Intelligence Community, 3rd edition" (ISBN 0-8133-2376-2). The
plaintiff's work at the UK base, which I'd suppose to be Menwith
Hill, shows that she had a SIGINT background with the associated
clearances and would have been likely to be assigned to a
SIGINT-related project at Ford Aerospace and to follow it to
LMSC. It would be interesting to see whether the launch of the
'P285' payload were ever announced publicly -- if it went up on
a launcher and trajectory indicating a GEO final destination,
the Vortex hypothesis would be strengthened.

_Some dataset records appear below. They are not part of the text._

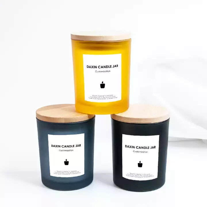 Wholesale customized 10 Ounce frosted black luxury empty glass candle jar with cover |
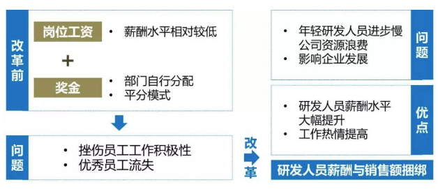 为了解决这个问题,公司领导带头在研发部门实施薪酬改革,将研发人员的薪酬与销售量挂钩,即由研发人员 按照一定比例的研发产品市场销售量,大大提高了研发人员的工资水平,提高了他们的工作积极性。
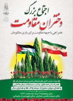 اجتماع باشکوه «دختران مقاومت» با حضور پرشور دختران عضو کانونهای فرهنگی هنری مساجد استان قم، عصر روز پنجشنبه ۹ مرداد ۱۴۰۴ در سالن شهید سردار سلیمانی مسجد مقدس جمکران برگزار خواهد شد.
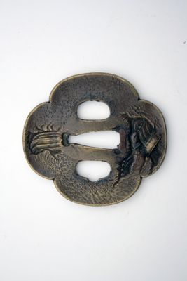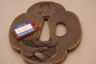Elsa di spada giapponese di forma quadrilobata (mokkogata), con i tre fori canonici, quello centrale (nakagoana) per il codolo, il foro di sinistra (kozuka hitsuana) per il coltellino, e quello di destra (kogai hitsuana) per lo spillone. E' rappresentato un paesaggio di montagna, dove due samurai stanno attraversando un ponte di legno per andare verso una casa. Il paesaggio è dominato dalla presenza di alte montagne rocciose. L'oggetto è stato realizzato in Sentoku, una lega simile all'ottone.

Next, we see again the claim made by the DCI last week
before the Senate intelligence committee (SSCI) that disclosure
of information about spy satellites would enable enemies to take
actions which would frustrate the spysats' missions -- the term
"deny or deceive" (D&D) was used on the Hill, "negate or
degrade" in the court filing. These are strong words and, if
one takes them at face value, imply that the government really
thinks that there is something about the system designs that is
extraordinarily vulnerable to enemy action. Further, the
enemy's ability to take such action would appear to depend on
his discovery of some secret information. On one hand, it is a
matter of puzzlement that such fragile systems were built in the
first place. On the other, one would have thought that the Ames
case and other similar embarrassments would have taught the
government that relying on long-term secrecy for the success of
programs isn't a particularly good idea.
As for the assertion that "adversaries of the U.S. having
access to such information could use it... to build competing
systems," I know of no country other than the US which has been
claimed to have any interest in geosynchronous SIGINT satellites
(assuming that it really is Vortex that's involved). Even the
USSR, AFAIK, never developed such a system, though they had (and
the Russians still have) a variety of LEO SIGINT satellites.
Finally, if we look at the information which the DCI says
would potentiate enemy D&D if revealed, we find a peculiar
mixture of the defensible and the implausible: "code names,
budgets, technical specifications, software packages,
subcontractors and vulnerabilities" in the court filing, the
overall NRO budget in the SSCI testimony.
Certain technical specifications, vulnerabilities and
system-specific software are, by and large, the kind of things
that it's reasonable to classify (although the above point about
the unwisdom of relying on long-term secrecy applies). On the
other hand, it isn't very clear at all how the opposition would
use knowledge of program ("code") names, budgets and
subcontractors to bring about the grave damage claimed. And the
notion that gross budget figures would give substantial aid and
comfort to the wicked is, to say the least of it, bizarre.
Overall, it appears as if the government has not really come
to grips with the real requirements for and limitations of
classification, but has gone with a "classify everything and
don't ask questions" approach when it comes to spysat programs.
If extreme classification had no downside, this might be
acceptable -- but the recent NRO scandals show that ugly things
grow in the dark, not the least of which is self-deception.